A small world, Katsch. My husband and I lived in Wappengers Falls when we were newlyweds.


----------



## gloxsk8 (Aug 12, 2011)

I have a 2 day marketplace pass also. Where do you live in NY? I'm on the upper west side.
Beth


----------



## inisfada (Feb 28, 2012)

I went last year and loved it! Going again this year
.


----------



## kniton (Feb 23, 2011)

I've really been thinking about going. Don't have tickets yet so am maybe too late. If I take the Acela (train) or the fast bus I can be in NY in 3-4 hours but then there is the cost of the hotel to consider though I have a friend I can stay with on Long Island.
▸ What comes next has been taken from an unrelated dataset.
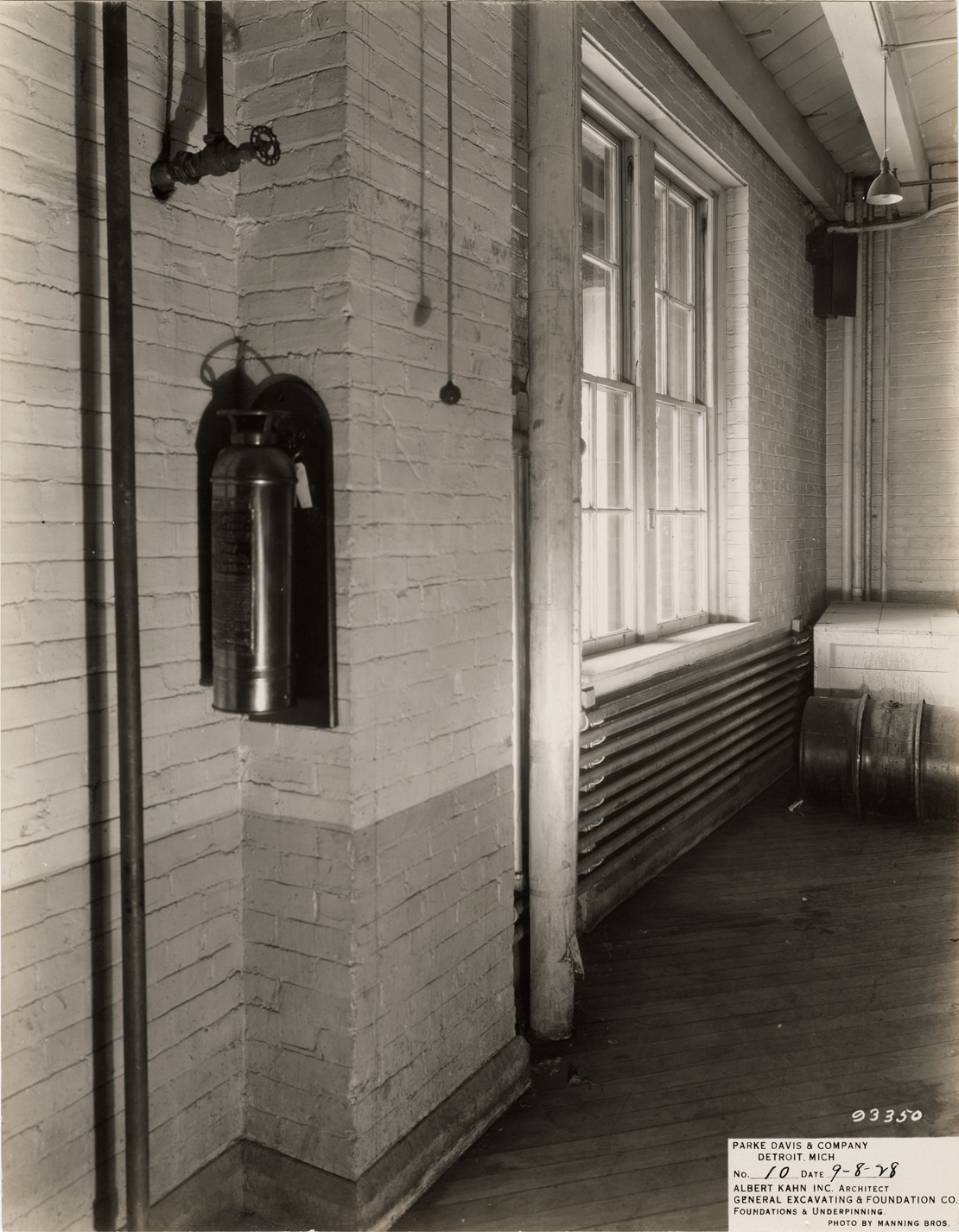 View of part of the building interior, Parke, Davis & Co. building during construction. Fire extinguisher on wall. Printed on front: "Parke Davis & Company, Detroit, Mich. No. 10. Date: 9-8-28. Albert Kahn Inc. architect. General Excavating & Foundation Co. Foundations & underpinning. Photo by Manning Bros."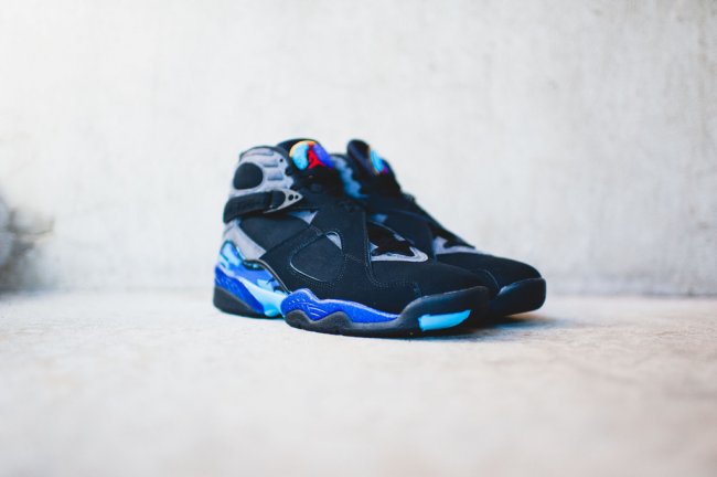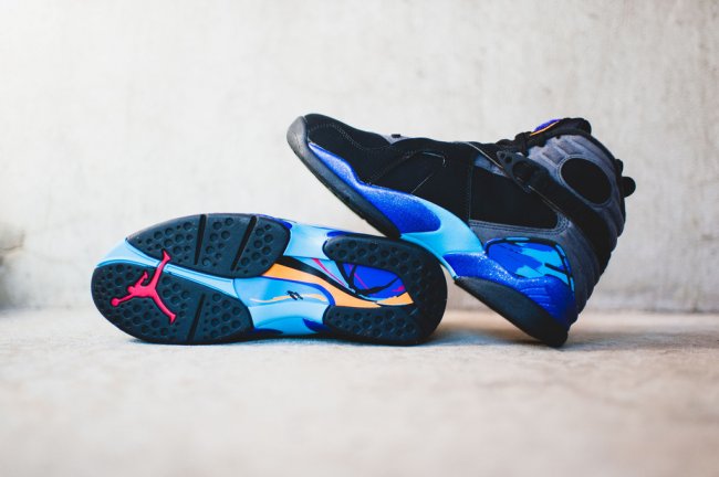 时隔 8 年后的完美回归,Air Jordan 8 “Aqua” 2015 款将在今年的黑色星期五正式发售。以忠于元年的黑色牛巴革鞋面和经典黑蓝 Aqua 细节呈现,在凸显 Air Jordan 8 八代鞋型的厚实沉稳之余,中底和外底颇具层次感受的水蓝装扮,加上毛巾鞋舌蓝黑红的精致点缀,都带来质感凸显而不失亮点的视觉感受。

I envy all you NYers who can go more easily as it looks like a great show. Are there any classes/presentations in particular you think are worth attending?


----------



## debg (Apr 22, 2011)

I'll be there on Sunday. I have gone the past two years. It is a lot of fun to see so many people interested in the same things I am!


----------



## gloxsk8 (Aug 12, 2011)

Where do you live in NY? I'm on the upper west side.
Beth


----------



## Jomoyach (Feb 19, 2012)

My friend and I will be taking the bus in from NJ on Saturday. We have tickets for the marketplace. Can't wait!


----------



## BailaC (Sep 25, 2013)

I'll be going again (4th year) on Saturday and Sunday. I'm taking classes from 2-5 both days. It's my birthday present to me. I live in Brooklyn, so it's just a subway ride away. They usually have a sitting area with big round tables at the show. Perhaps we can all meeting at noon on Saurday and/or Sunday and have lunch together. (Be sure to bring your own, as the cost of buying anything at the Marriott is highway robbery).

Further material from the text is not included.